There is this concept out there that all gay couples are these perfect people incapable of any wrongdoing. When the fact is that there are just as many sleazy abusive gay men and women as straight men and women. And one thing legalizing same-sex marriage will do for many vulnerable gay people is to protect them and give them the same rights as straight couples. And in this case, the concept of heteronormativity isn’t necessarily a bad thing at all. I always see the argument that heteronormativity is a negative thing, and that it’s promoting an agenda that may or may not be fair to everyone. But the fact is that gay and straight couples are not all that different by nature, especially when it comes to anything that involves finances and property…or gender power. And even though all gay couples work out various arrangements just like straight couples (pre-nups), it’s virtually impossible for them to keep their finances separate if they remain together for a long period of time.
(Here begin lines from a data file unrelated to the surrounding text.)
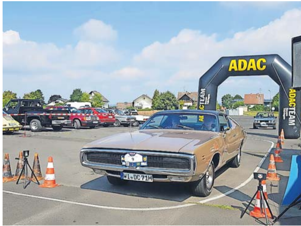
Sowohl Autofahrer als auch Besucher werden auf ihre Kosten kommen.

Das Nenngeld in Höhe von mindestens 40 Euro pro Fahrzeug wird zu 100 Prozent der Hilfe für krebskranke Kinder Frankfurt gespendet. Im Nenngeld sind für alle Teilnehmenden ein Frühstück und alle Fahrtunterlagen enthalten. Auf eine Wertung und Ehrenpreise wird verzichtet. Anmeldungen zur Benefiz-Sternfahrt werden gerne noch bis zum 3. September
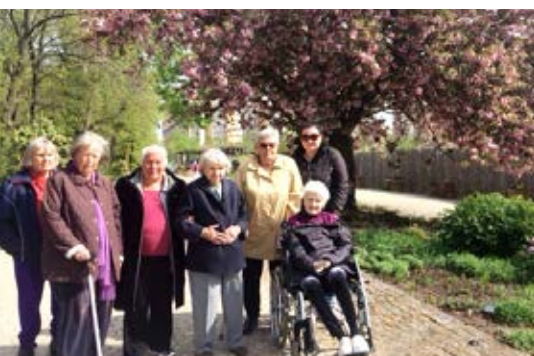
Botanická zahrada v Tróji nás naprosto ohromila

S našimi klienty z Roztok jsme se vypravili poznávat exotické skvosty tropických deštných pralesů, vysokohorského mlžného lesa i nejsušších oblastí světa. A nemuseli jsme cestovat nikam daleko. Botanická zahrada v Tróji je malým kouskem ráje ve víru velkoměsta.
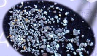
イリジウム (Ir) オスミウム (Os) イリドスミン
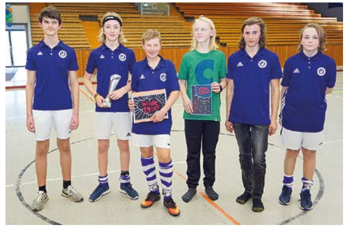
1. Platz für die Knaben A-Mannschaft

Leider mussten kurzfristig einige Mannschaften wegen der aufkommenden Corona-Pandemie ihre Teilnahme absagen.
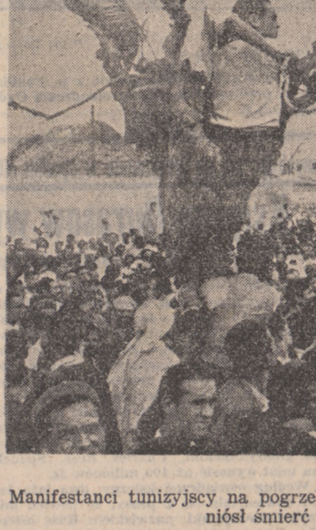
Manifestanci tunijscy na pogrzebie jednego z demonstrantów, który poniósł śmierć w czasie zaburzeń.
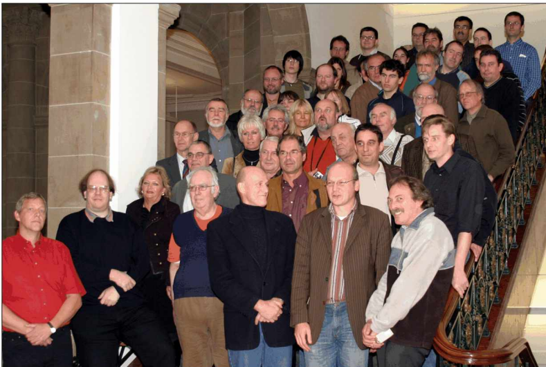
Abb. 2: Teilnehmer der Festtagung in Bonn am 10.11.2007.
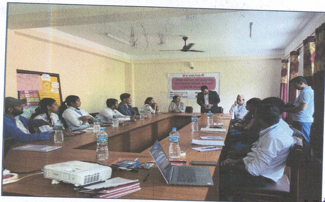
तस्विर: उद्घाटन र समापन समारोह
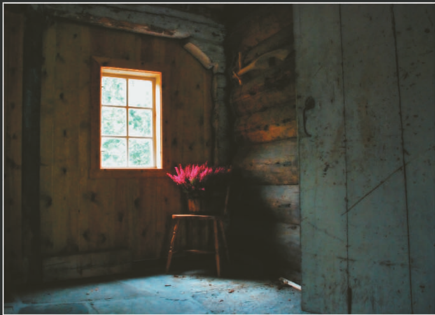
Kulturminnet Malmanger Gard The Malmanger vicarage; a cultural heritage
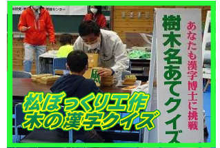
樹木名あてクイズ あなたも漢字博士に挑戦
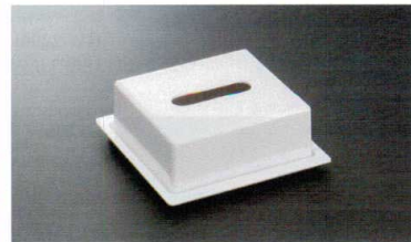
HW-405MI ハーフティッシュボックスカバー 147×135×62 66 ¥1,040 HW-405FI ハーフトレイ 168×168×16 ¥920 ※カバーとトレイは別売りです
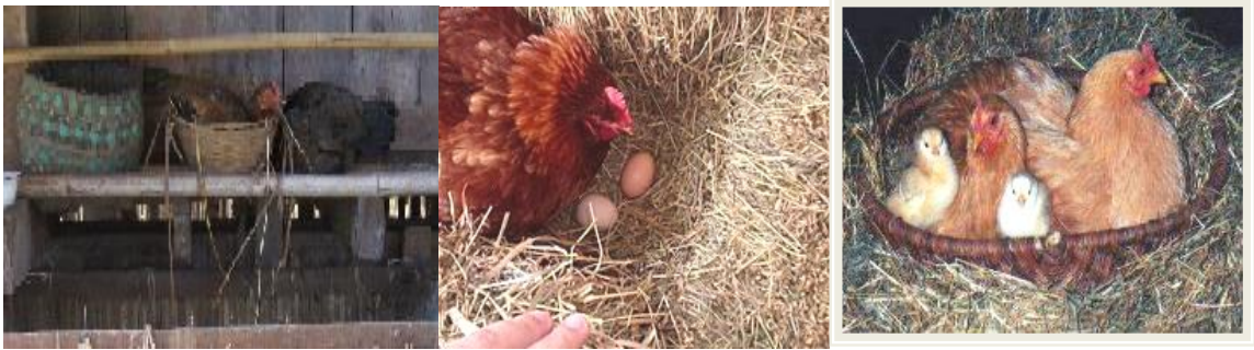
ການໄຂ່ ແລະ ການຝັກໄຂ່ຂອງແມ່ໄກ່

ຊ່ວງລະດູຜົນບໍ່ແນະນຳໃຫ້ລ້ຽງໄກ່ນ້ອຍ ເພາະໂອກາດໄກ່ນ້ອຍຈະລອດຕາຍມີບໍ່ຫຼາຍ ເຖິງລອດຕາຍມາກໍ່ມີລັກສະນະນ້ອຍຄອດນານໃຫຍ່.
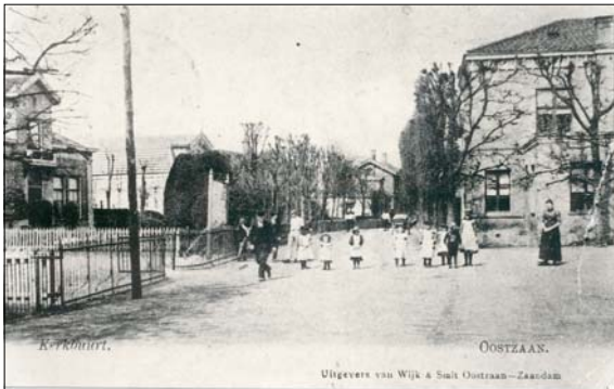
kb007-1905r (locatie) Datering: ±1905
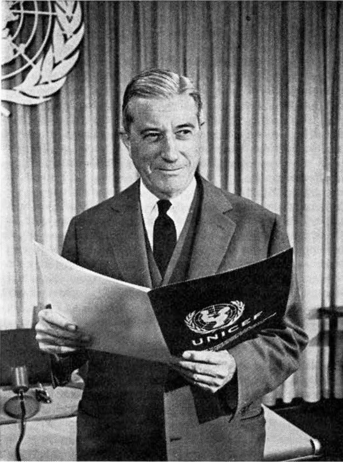
Den diesjährigen Friedensnobelpreis erhielt das Weltkinderhilfswerk der Vereinten Nationen. Das Bild zeigt seinen jetzigen Leiter, Henry R. Labouisse (vgl. VN Heft 5/65 S. 178 f.).

liegt, wie U Thant dem Rat in dem ersten seiner beiden Berichte über seine Friedensmission mitteilte, in Äußerungen Indiens und Pakistans, die sich »im Prinzip« für einen Waffenstillstand und für eine Wiederherstellung der Lage vor dem 5. August aussprachen. Aber in den Antworten sowohl des indischen Ministerpräsidenten wie des pakistanischen Präsidenten waren bereits die Vorbehalte deutlich sichtbar, die ihre Haltung zum ganzen Problem charakterisierten: Pakistan stellte eine nach Meinung des Generalsekretärs unlösbare Verbindung zwischen Waffenstillstand einerseits und der Lösung des zugrunde liegenden Gesamtproblems, nämlich der Lösung des Kaschmir-Problems durch eine Volksabstimmung, andererseits her. Und Indien vertrat schon jetzt den Standpunkt, daß ein Waffenstillstand und die Wiederherstellung der Ruhe nur dann Sinn hätte, wenn Pakistan Garantien gäbe, daß es Infiltrationen Kaschmirs durch bewaffnete Freischärler und andere Versuche, einen Aufstand in Kaschmir herbeizuführen, zukünftig unterlassen und den seit 1949 bestehenden Zustand respektieren würde; Indien hielt auch an dem seit einigen Jahren von ihm immer wieder betonten Grundsatz fest, daß Jammu und Kaschmir Teile der indischen Union geworden seien, von der sie nicht losgelöst werden könnten.
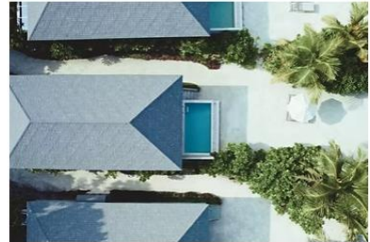
Mabin Beach Pool Villa
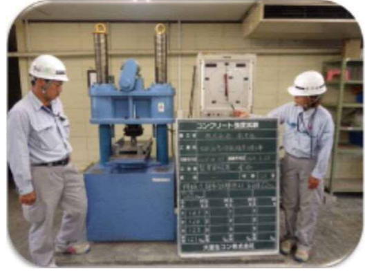
若手技術者育成(品質試験)
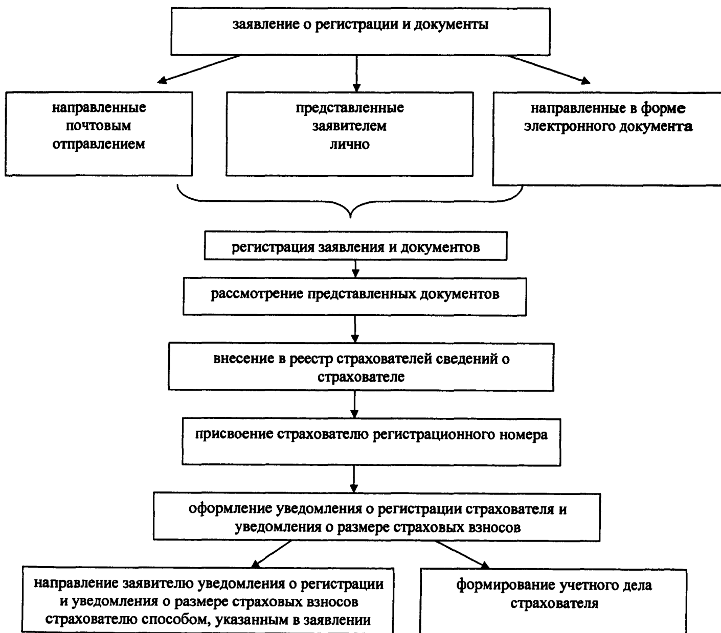
Блок-схема последовательности действий при регистрации в качестве страхователей
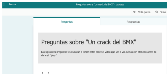
Imatge 2_qüestionari amb preguntes sobre el vídeo

L'objectiu de les preguntes és facilitar la reflexió sobre els diferents punts que s'observen en el vídeo (ús excessiu/obsessiu del mòbil, l'empremta digital, conseqüències a curt i llarg termini...).
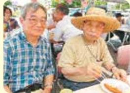
親子一人、満 喫してですよ

今年も恒例のバーベキュー会を行ないました。天気にも恵まれ、暑い中でしたが地域の方々やご家族の皆様にも多数参加して頂き楽しいひとときを過ごしました。 また分水の里祭りでは天気と涼しさに恵まれ浴衣や甚平でお祭りを思う存分楽しみました！
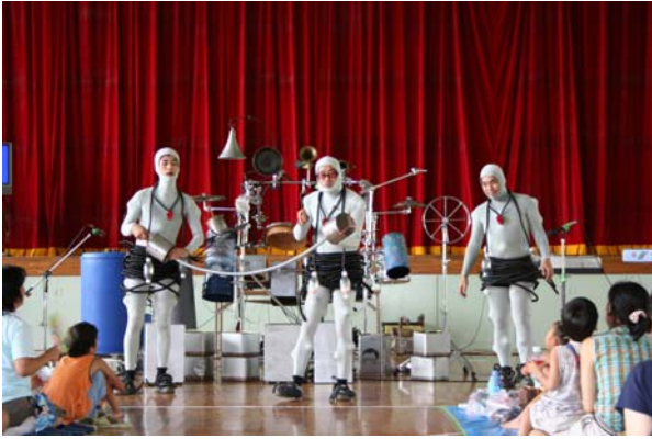
【ガラクタコンサート・スタート】
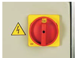
FVG - Main switch for emergency stop FVG - Notschalter
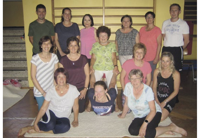
Kurs Limbach, Dienstag

Kursort: Grundschule Laudenberg Schulturnhalle, Einbacher Straße.
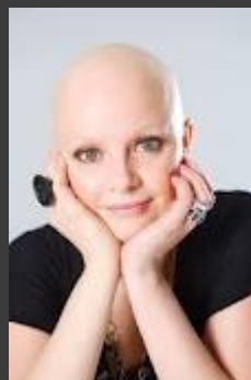
Gail Porter – TV presenter
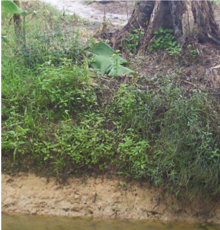
Foto 1. Suelo en un estanque para tilapia. Gareno, Territorio Huaorani. Provincia del Napo. Ecuador.

En relación con los suelos, Valencia et al. (2004) indican que la mayoría son sedimentos fluviales originarios de los Andes que datan del Mioceno. Taxonómicamente los suelos se clasifican como “ Udult ”, siendo arcillosos ricos en caolinita y en aluminio.

So this notion of heteronormativity can get more involved than what’s just on the surface. I try not to get into things that are this text book technical in fiction, but here on the blog I think it’s important to talk about these things sometimes no matter how complicated they are, because there are many gray areas that people who aren’t gay don’t realize. And while I despise the general concept of heteronormativity in the classic sense because it promotes this image of what we are all supposed to be like, there are times I think it’s important to have laws and rules that also protect gay people in the heteronormative sense from some of the issues that have been in gay culture for a long, long time.
I actually know gay men who will state that they will not even entertain the idea of taking a partner unless he can come to the relationship with his own money and pay his own expenses…or half of the expenses. You don’t hear that often in the heteronormative world, especially now with changing roles where women are starting to earn more money than men.